主要な観葉植物の夏の水やり頻度の目安を一覧にしました。環境(室温・日当たり・鉢サイズ)により変わるため、あくまでも参考値としてご利用ください。

植物名 夏の水やり頻度 ポイント
アロカシア 1〜2日に1回 水を好むが過湿に弱い。土の表面が乾いたらすぐに与える
モンステラ 2〜3日に1回 乾燥に比較的強い。土の中まで乾いてから与える
ポトス 2〜3日に1回 耐乾性がある。葉がわずかにしおれてきたら与える
フィカス(ウンベラータ等) 2〜3日に1回 急激な乾燥で落葉しやすい。安定した水管理を心がける
アンスリウム 2〜3日に1回 高温多湿を好む。夏は葉水も合わせて行うと良い
サンスベリア 5〜7日に1回 過湿に非常に弱い。夏でも土がしっかり乾いてから与える
ザミオクルカス 5〜7日に1回 乾燥耐性が高い。根腐れしやすいため控えめに
フィロデンドロン 2〜3日に1回 多湿環境を好む。葉水を併用して湿度を保つ
パキラ 3〜4日に1回 乾燥気味を好む。土が完全に乾いてから与える
ドラセナ類 3〜5日に1回 過湿に弱い。

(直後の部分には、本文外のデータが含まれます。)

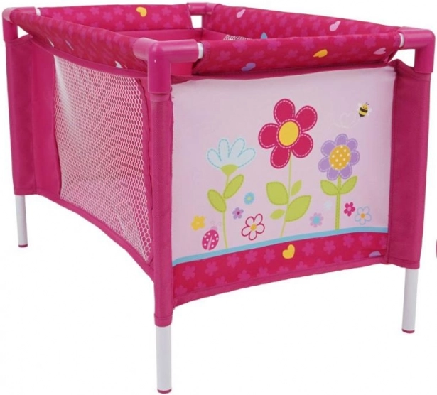 Ademende gaaszijwanden, roze frame en bloemdecor. Het bedje is licht en gemakkelijk te vervoeren – ideaal voor op reis en om poppen te laten slapen.

水はけの良い土と組み合わせる

まとめ

夏の観葉植物の水やりで意識すべきポイントをまとめます。

  • 土の表面だけでなく、中まで乾いているかを確認してから水やりする
  • 水やりは朝のうちに、たっぷりと。受け皿の水は必ず捨てる
  • 真昼(11〜15時)の水やりは避ける
  • 水切れと根腐れはサインが似ているため、土の状態を必ずセットで確認する
  • 植物の種類や環境によって乾き方は大きく異なる。頻度はあくまでも目安

夏の水管理に自信がない方は、水はけと保水性を両立した培土・培地を使うことで失敗のリスクを下げることができます。HYDRO MINERAL のような無機系培地は、過湿になりにくく夏の管理がしやすいのでおすすめです。

正しい水やりを習慣にして、夏も元気な観葉植物を楽しんでください。